Physically, my sciatica has been a little better this week, but I’m still on the loo every 5 minutes. My boobs have also ramped up their milk-making endeavours with the occasional leak (I told you pregnancy was ugly). My stretch marks are also getting more and more pronounced and I’ve grown a double chin overnight. I wouldn’t mind any of these transformations, but walking around The Baby Show this week and seeing so many beautiful women who have kept up the spray tans, freshly-styled hair and full face of slap, I’m feeling like the frumpiest mum-to-be in the world. I’ve made a mental note to at least waddle to the beautician for a wax before the big day. Let’s face it, what we don’t see on One Born Every Minute is the midwives giggling about the lady gardens they’ve encountered that day in the staff room!

Apparently, baby is around 4lbs and 18 inches at this point, and it’s still slightly too early to rush down to Holland and Barrett for raspberry tea.

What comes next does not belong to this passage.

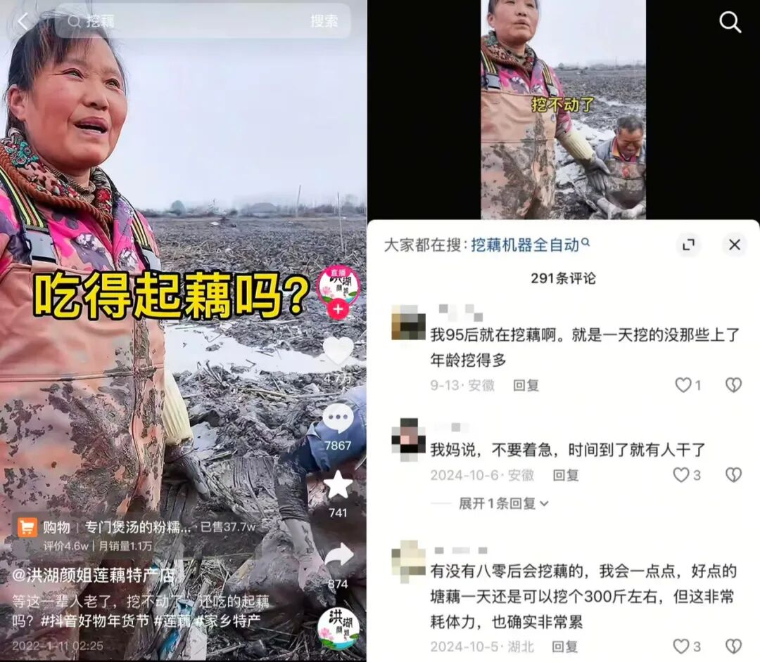 “等我们这辈人挖不动了,大家还吃得起藕吗?”在抖音账号的置顶视频里,颜姐曾这样问道。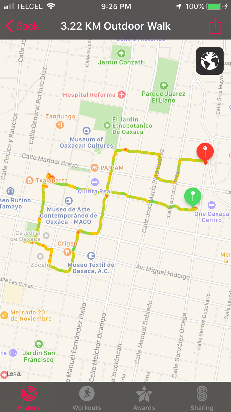 So I wandered… The green is home and the red is where I eventually ended up. Where it says Tlaxaparta is La Casa de las Artesanías de Oaxaca.

She’s cramming in all the study time she can to perfect those survival skills she’ll need to thrive outside the womb — from swallowing and breathing to kicking and sucking. She also looks less opaque now and her skin colour is beginning to look more like her mum and dads (and less like Casper) - great stuff.

Just hurry Mini Madam. Mummy has had enough. I’d much rather be up at 3am nursing you, than watching television for the hard of hearing. Oh and if you can pick a side and stick to it at night it would be really helpful.